Like Gdansk, Torun received a royal privilege from Zygmunt August in 1558, which enabled the Lutheran Church to enjoy religious liberties. Its City Council was more overt in its hostility to Catholic works, banning "anything papist" in June 1601. Its manifest hostility towards other Protestants led it to obstruct the sale of Calvin's De sacramentis in the 1620s. All mention of the Tumult of 1724 was banned in the city. Similarly in private towns such as Leszno or on the estates of Janusz Radziwill the Black, which were both Calvinist centres, the religious practices of the owner dictated publishing practice.
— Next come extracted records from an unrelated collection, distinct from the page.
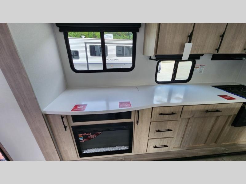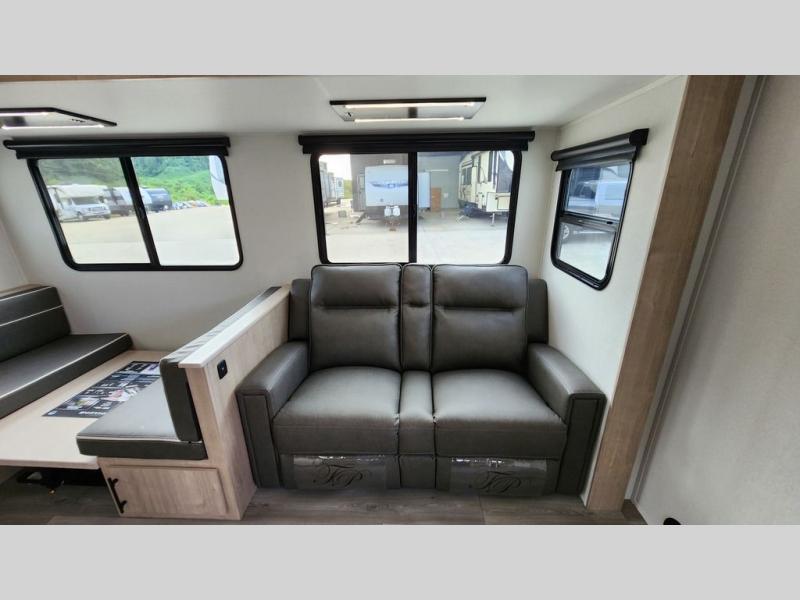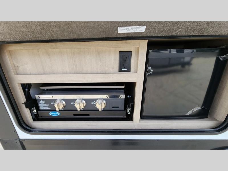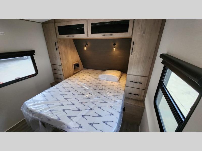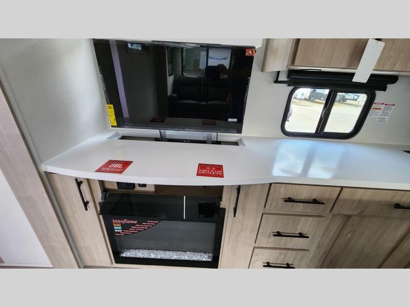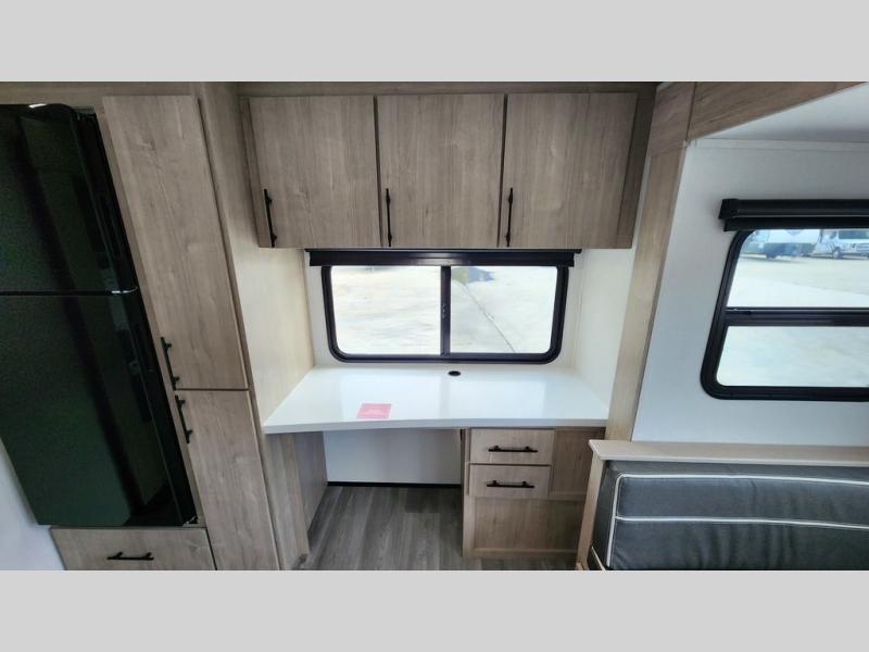 With this Imagine travel trailer, you can work while you're on the road because it offers you a desk in the main living area. You won't have to miss out on the action since you'll be right next to the booth dinette and tri-fold sofa, and there is even a pantry directly to the left of the desk for you to grab a quick snack while you're working. Once you're done with work, you can relax on the tri-fold sofa while you watch the telescoping TV, and the private bedroom offers you a 60" x 80" queen bed to rest on when you're ready to call it a night.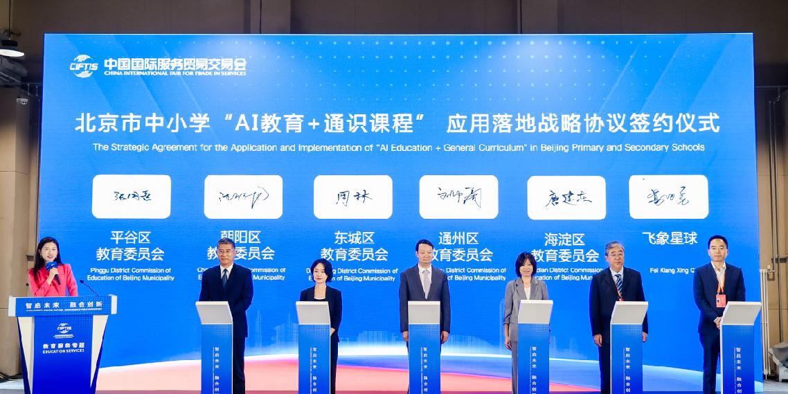 9月11日,2025年中国国际服务贸易交易会(下称“服贸会”)教育服务专题开幕式上,北京海淀区教委、东城区教委、朝阳区教委、平谷区教委、通州区教委与飞象星球共同签署《北京市中小学“AI教育+通识课程”应用落地战略协议》,推动“AI教育+通识课程”从政策指导转化为课堂实践,培养学生数字素养与AI创新思维。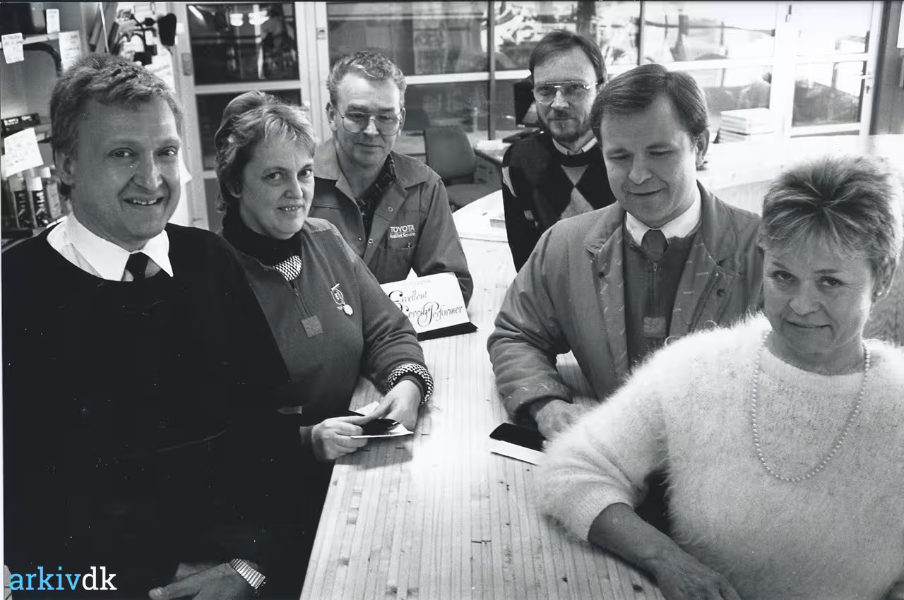 Beskrivelse Fra venstre ses Leif Pedersen, Nancy Hansen, Arne Petersen, Niels Hoffman, Michael Pedersen og Stine Pedersen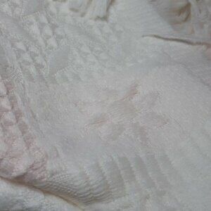 VTG JORDAN MARSH made in SPAIN baby blanket blush flowers girl fringe embossed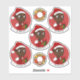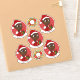 Ensemble de sept autocollants en vinyle coupé avec l'illustration d'un joli petit garçon afro-américain souriant joyeux ou d'une fille, vêtu de vêtements de Noël et portant un casquette du Père Noël rouge et tenant un cadeau, sur un arrière - plan rouge ; cinq autocollants du bébé et deux autocollants avec une couronne de Noël ; avec un modèle de texte personnalisable pour votre nom ou message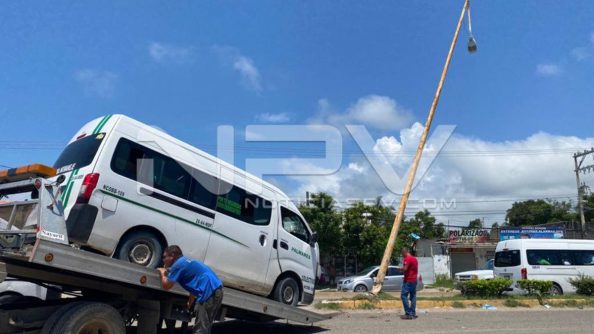 El accidente ocurrió por la carretera a San Vicente donde el conductor de la unidad del transporte público pierde el control y se estrella con una lámpara de alumbrado público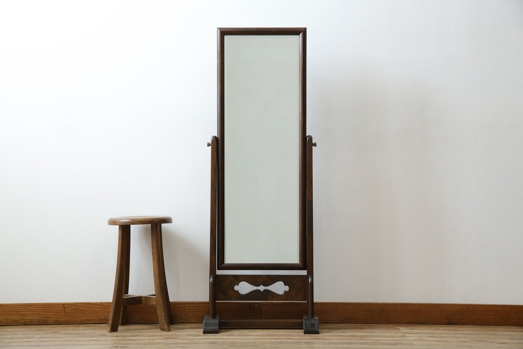 ドレッサー・鏡台 > 中古 美品 松本民芸家具 透かし彫りが上品なB型姿見 定価約10万円相当 (R-083165)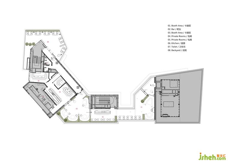 “天堂”与“地狱“诠释了血腥的美丽,这一化学分子在空间的一帧一镜中升华场所。开放式大厅分布着的就餐区呈异形开放式布局,在社交情绪中营造安全的距离感。一方面在分段式社交场所做出回流动线铺设,另一方面,空间在其高雅、混合、与混沌光影的晕染下形成混沌的雅奢品牌基调。空间整体基调呈黑红,Omakase首个操作台设置在餐厅的中心,是餐厅的第一个功能视觉焦点,服务于餐厅全部桌席的附属功能,选择了离每个区域最近的位置,铁板料理设计满足功能性的同时强调一种开放式神秘场域的空间情绪。与很多日料的平和不同,这是一种幽静与美好,嵌入了现代日式传统的另类精神。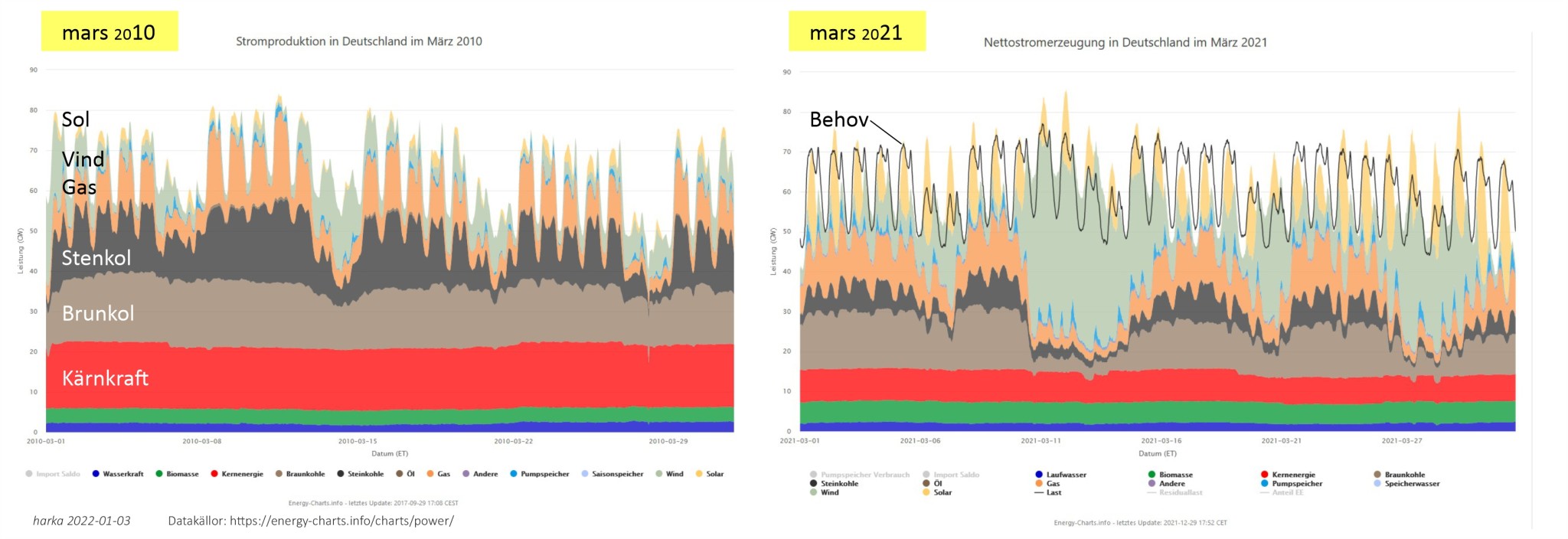 för mars 2021 ser det rent optiskt ut som att solen stiger upp och möter upp med en avsevärd stöttning under energitoppen dagtid (fluktuationen mellan natt och dag) – tidigare hanterade man det med att dra upp farten på kol- och gaspannorna, numera ligger dessa fossila energibärare mera som en låg basgenerator (och dras ner ytterligare när det friskar i och vindkraftverken ökar sin produktion)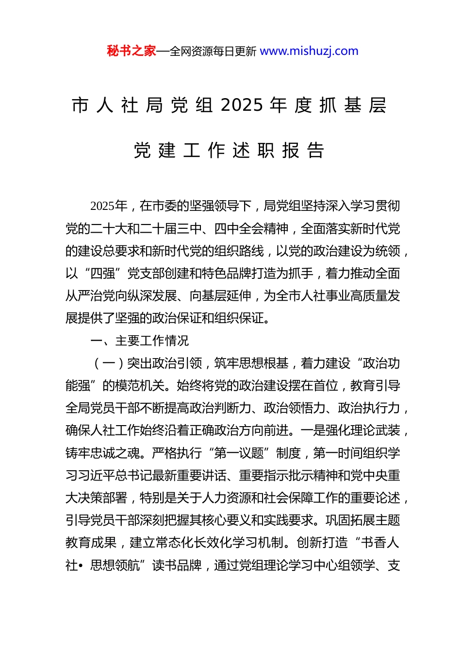 秘书之家—全网资源每日更新 www.mishuzj.com市 人 社 局 党 组 2025 年 度 抓 基 层党 建 工 作 述 职 报 告2025年,在市委的坚强领导下,局党组坚持深入学习贯彻党的二十大和二十届三中、四中全会精神,全面落实新时代党的建设总要求和新时代党的组织路线,以党的政治建设为统领,以“四强”党支部创建和特色品牌打造为抓手,着力推动全面从严治党向纵深发展、向基层延伸,为全市人社事业高质量发展提供了坚强的政治保证和组织保证。一、主要工作情况(一)突出政治引领,筑牢思想根基,着力建设“政治功能强”的模范机关。始终将党的政治建设摆在首位,教育引导全局党员干部不断提高政治判断力、政治领悟力、政治执行力,确保人社工作始终沿着正确政治方向前进。一是强化理论武装,铸牢忠诚之魂。严格执行“第一议题”制度,第一时间组织学习习近平总书记最新重要讲话、重要指示批示精神和党中央重大决策部署,特别是关于人力资源和社会保障工作的重要论述,引导党员干部深刻把握其核心要义和实践要求。巩固拓展主题教育成果,建立常态化长效化学习机制。创新打造“书香人社• 思想领航”读书品牌,通过党组理论学习中心组领学、支秘书之家—全网资源每日更新 www.mishuzj.com部集中研学、青年理论学习小组深学、党员个人自学“四学联动”,举办“人社大讲堂”、专题读书班、研讨交流会等20余场次,推动党的创新理论入脑入心、指导实践。扎实开展深入贯彻中央八项规定精神学习教育,组织原原本本学习新修订的《中国共产党纪律处分条例》,开展警示教育月活动,引导党员干部学纪、知纪、明纪、守纪。二是严肃政治生活,淬炼党性修养。严格落实《关于新形势下党内政治生活的若干准则》,严格执行“三会一课”、民主生活会、组织生活会、民主评议党员、谈心谈话等制度。局党组成员带头以普通党员身份参加所在支部组织生活,带头讲授专题党课。创新主题党日活动形式,结合人社工作实际,组织开展“追寻红色足迹、传承革命精神”、“优化营商环境、党员争当先锋”、“重温入党誓词、坚守初心使命”等特色主题党日活动30余次。运用好本地红色资源和党性教育基地,加强党史、新中国史、改革开放史、社会主义发展史学习教育,引导党员干部传承红色基因,赓续红色血脉。三是压实政治责任,确保政令畅通。牢固树立“抓好党建是本职、不抓党建是失职、抓不好党建是不称职”的理念,制定《局党组及其成员落实全面从严治党责任清单》,层层签订党建工作责任书,构建起党组负总责、书记带头抓、班子成员分工抓、机关党委专职抓、党支部具体抓的“五级责任体系”。建立党建工作季度督查、半年评估、年度述职评议考核机制,将党建考核结果与干部评先评优、选拔任用硬挂钩。坚秘书之家—全网资源每日更新 www.mishuzj.com决贯彻落实党中央决策部署和省委、市委工作要求,确保就业优先政策、社会保障制度改革、人才人事工作、和谐劳动关系构建等重点任务不折不扣落到实处,以服务大局的实际成效彰显政治担当。(二)建强战斗堡垒,提升履职能力,着力锻造“支部班子强”的骨干力量。坚持抓基层、打基础,以提升组织力为重点,突出政治功能,把局属各党支部建设成为宣传党的主张、贯彻党的决定、领导基层治理、团结动员群众、推动改革发展的坚强战斗堡垒。一是选优配强“领头雁”。结合党支部换届和调整,注重选拔政治强、业务精、作风好、善协调的优秀党员干部担任党支部书记和委员。举办党支部书记和党务干部培训班,围绕党建理论、实务操作、品牌创建等内容进行专题辅导,全年培训80余人次,有效提升了支部班子的履职能力。严格落实党支部书记抓基层党建工作述职评议考核制度,推动支部书记切实履行第一责任人职责。二是提升班子整体效能。完善支部委员会议事规则和决策程序,凡属重要事项均经集体研究决定。定期召开支委会,研究工作、交流思想、解决问题,形成工作合力。班子成员分工负责、团结协作,在推进“放管服”改革、应对突发事件、完成重大任务等工作中,主动担当、密切配合,展现了较强的凝聚力和战斗力。注重加强对支部工作的指导,局党组成员每人联系1 -2...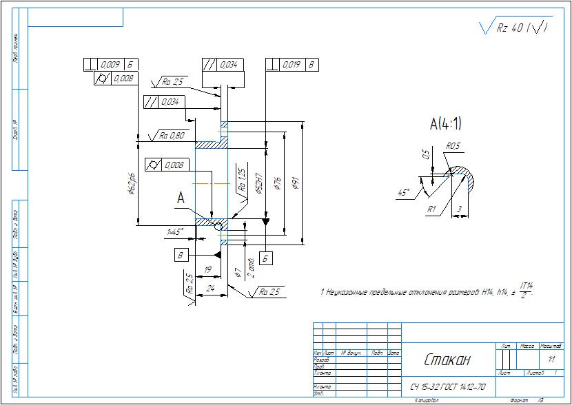 Рабочий чертеж детали стакан в компасе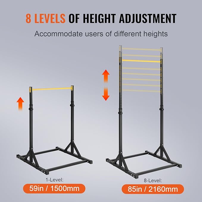 - Adjustable Height for All: Enjoy flexible height adjustment with 8 levels ranging from 59 to 85 inches, catering to users of different heights. Suitable for adults, teenagers, fitness enthusiasts, and seniors, it promotes family participation in workouts and overall fitness.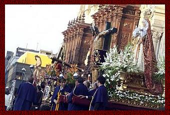 No recuerdo haber visto en Castilla ni en Andalucía una procesión con los misterios dolorosos del Rosario. Me pareció una inspiración de lo alto que espero cunda en el tiempo y en el espacio. Por momentos, la Plaza de Armas de la Ciudad de los Reyes cobró un color especial, lleno de luz celestial y una espiritualidad repleta de esperanza. Sentía que era el pórtico de la Semana Grande, la Semana más santa. Disfruté rezando, con paz, con gozo, contemplando la belleza artística de los pasos y pidiéndole al Señor de la Paz y de la Vida, que esta Pascua 2010 sea un aldabonazo para la renovación, para la conversión, para la misión. Gracias a cuantos tuvieron la magnífica iniciativa y a cuantos la hicieron posible. Repartimos más de mil rosarios y más de dos mil folletos con las oraciones que ayudaron a “meterse en la acción como si presente me hallase”. ¿No es este el sentido de la liturgia? ¿Hacer el memorial de lo vivido por Jesús que en ese momento se actualiza para mí y también anticipar la gloria celestial?. A mí, al menos, me supo a gloria.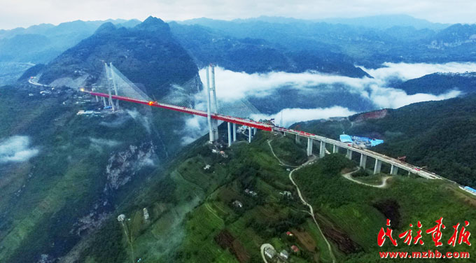 我國(guó)東西橫線大通道杭瑞國(guó)家高速公路的關(guān)鍵節(jié)點(diǎn)——畢節(jié)至都格高速公路北盤(pán)江大橋。該橋橋面到谷底垂直高度達(dá)569.66米,為世界第一高(鄧剛 攝影)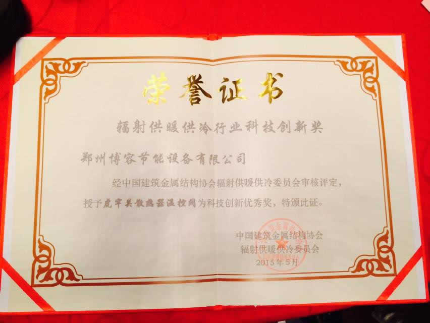 2015年5月15日,在中國(guó)地暖委員會(huì)十周年慶典科技創(chuàng)新大賽中,鄭州博容公司的變形金剛混水系統(tǒng)和虎牢關(guān)溫控閥分別獲得“金星獎(jiǎng)”和“優(yōu)秀獎(jiǎng)”,這兩個(gè)獎(jiǎng)項(xiàng)是地暖界最權(quán)威、最高級(jí)別的獎(jiǎng)項(xiàng),堪稱地暖界的“奧斯卡獎(jiǎng)”。 博容公司成為科技創(chuàng)新大賽最大贏家。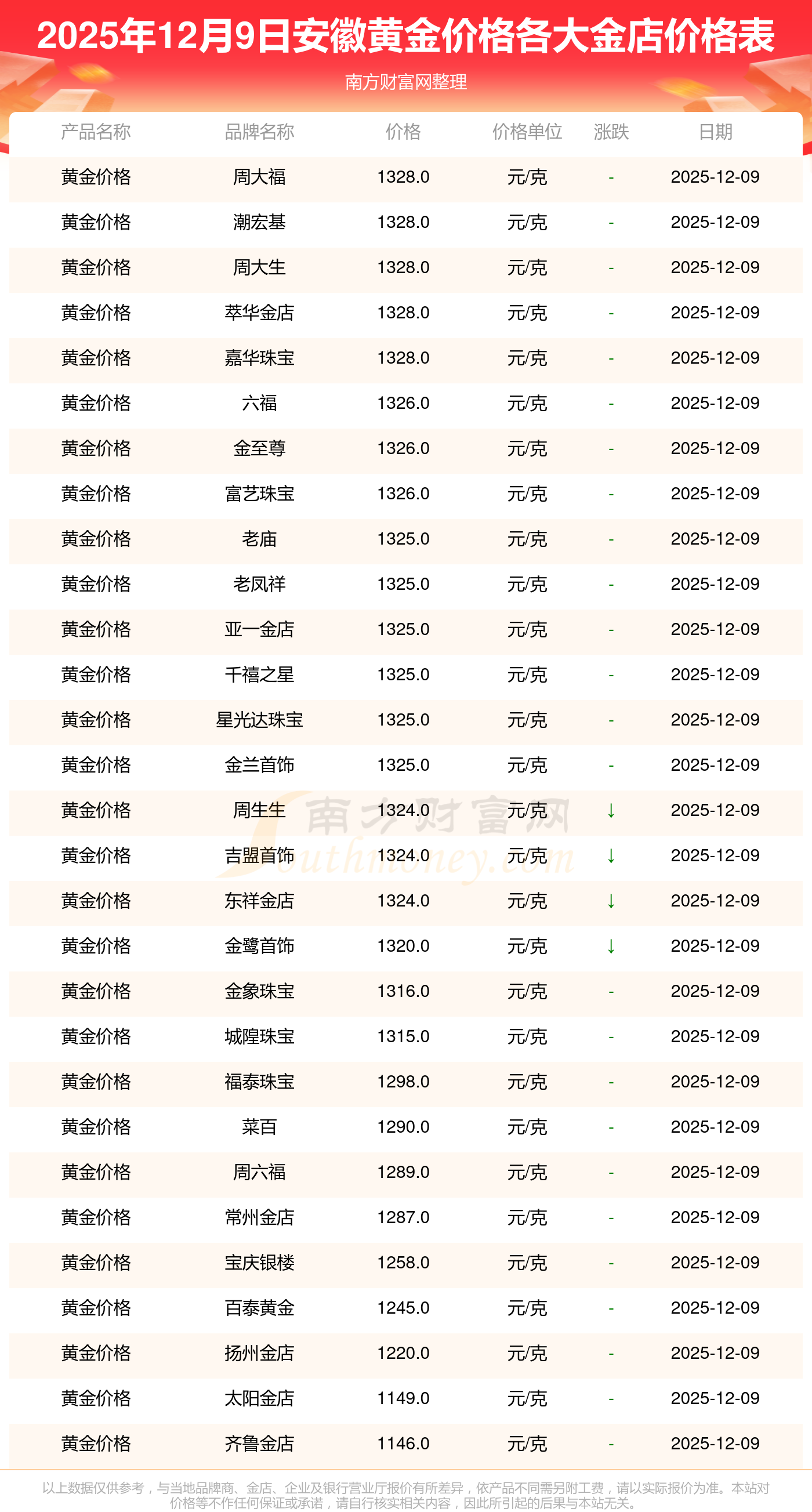2025年12月9日安徽周大福、周大福、周大福、周大福、周大福、周大福、周大福、周六福、周六福、周六福、周六福等各大金店品牌黃金價(jià)格最新價(jià)格行情來了,如下:周大福黃金價(jià)格1328.0元/克,周大福鉑金價(jià)格669.0元/克,周大福飾品金價(jià)(內(nèi)地)1328.0元/克,周大福黃金飾品(香港)46520.0,周大福鉑金價(jià)格(香港)19190.0,周大福金條價(jià)格(香港)41960.0,周大福金條金價(jià)(內(nèi)地)1165.0元/克,周六福黃金價(jià)格1289.0元/克,周六福鉑金價(jià)格613.0元/克,周六福PT999鉑金價(jià)格613.0元/克,周六福金條價(jià)格1184.0元/克。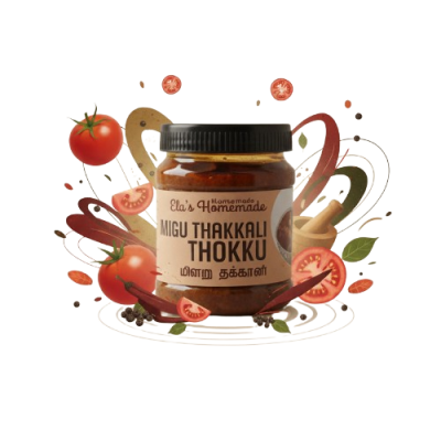 “Ela’s Homemade Thokku brings you the authentic taste of South India, crafted with traditional recipes, fresh ingredients, and utmost care for hygiene. Every jar delivers rich, tangy flavors made with love.”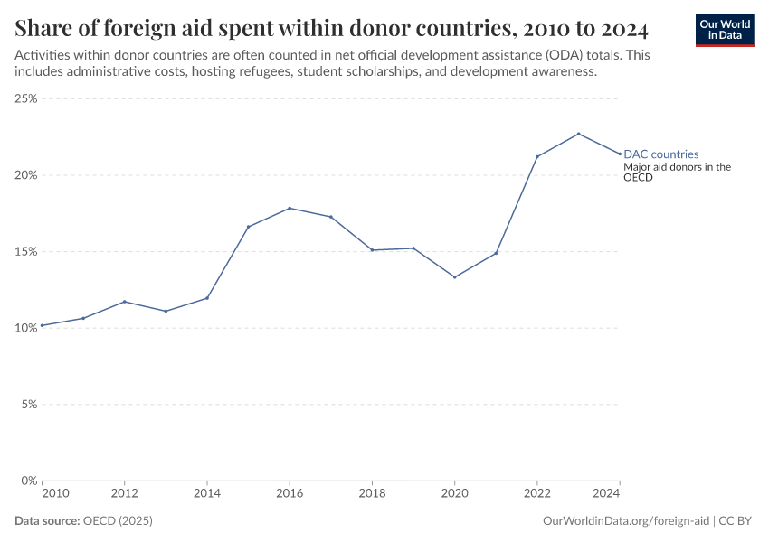 OECD (2025) – with minor processing by Our World in Data. “Share of foreign aid spent within donor countries – Net disbursements” [dataset]. OECD, “OECD Official Development Assistance (ODA) - DAC1: Flows by provider (ODA+OOF+Private)” [original data]. Retrieved February 9, 2026 from https://data-lexicalindex-indicators.owid.pages.dev:8789/20251230-141326/grapher/share-of-foreign-aid-spent-within-donor-countries.html (archived on December 30, 2025).

Commercial rivalry amongst publishers and booksellers played its part in acts of repression, especially over the right to print profitable almanacs - the nobility's favourite reading matter. In 1617, rivals of the bookseller Jan Kownacki of Lublin, who had promised to convert to Catholicism and not sell heretical works when granted the right to open his shop, instigated an action to have his privilege revoked on the pretext that he had failed to comply. Zygmunt III confirmed the removal of his rights in 1618. Similar intentions lay behind calls to limit the number of print works in the following century: in 1725, the firms of Kownacki and Rozycki pleaded for such "regulation" in Warsaw; and in June 1789 the printer and publisher Dufour presented to parliament a memorandum on the management of print works in the Kingdom arguing the same.
The Jesuits, who arrived in Poland in 1564, played a major role in Church censorship, both helping bishops to censor works and collaborating with them to defend their own reputation from attack. They also supervised book burning, as in 1611, when the death of the local Calvinist protector led to the destruction of the press and the burning of heretical works in Kamieniec Podolski. Works written in Polish, and therefore comprehensible to wider circles of readers, constituted the Jesuits' main target. Yet at the same time, they assisted the preservation of such books by assiduously amassing them in their libraries: at the time of the order's dissolution in 1773, 1963 of the 9952 volumes in the Vilnius Academy were heretical works.